I wonder how much of the conversation around miscarriage and loss would have sounded familiar to Abraham and Sarah. The expectation of children to carry on the family line and inherit. How that desire gets heightened when God repeatedly visits Abraham to promise him he would be the father of an entire nation. Years after years of trying with no children.

Difficulty conceiving, like pregnancy loss, is the grieving of what could have been. The expectancy and potential of new life, evaporating as time passes. It also gets tied to shame in cultures that measure both masculinity and femininity by how many children you have. And so, here comes God with tidings of a child. New possibilities open, and Abraham and Sarah’s cynical laughter at the prospect of a child turns to a laugh of faith. It must have felt like hope. It must have felt like a redemption of the decades of waiting.

Today is Father’s Day. And hey if that is a surprise, Lowe’s and Sears are open today.

But today I have a few thoughts

1. If you have fathers or men in your life that mentored you in meaningful ways, let them know about it. Give thanks to God for such men as these.
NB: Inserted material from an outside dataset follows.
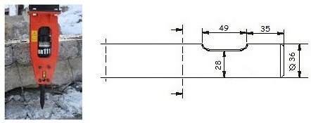 Kompatibel mit den Modellen Rammer 111 / 155 und Sandvik BR 111 / 155. Die Schneide des Meißels steht quer zum Baggerausleger, außer beim Asphaltspatens, der parallel dazu steht.

2. If you know men who wish to be fathers but are not—or they have lost children—pray for them that they may be comforted in their disappointment or grief. If you think you can talk about it with them, let them know you are thinking of them.

3. Not all men who are fathers live up to the role they have been given. Pray for fathers who have messed up. Pray for those who have been hurt by their fathers.

4. And now, Fathers. This day may be for us, but today of all days let’s show love to our families. They helped to make us who we are, and let’s not for a second take advantage of the precious gifts we are given.

Amen.










[1] The Johns Hopkins Manual of Gynecology and Obstetrics (4 ed.). Lippincott Williams & Wilkins. 2012. pp. 438–439. ISBN 9781451148015, as quoted in Wikipedia.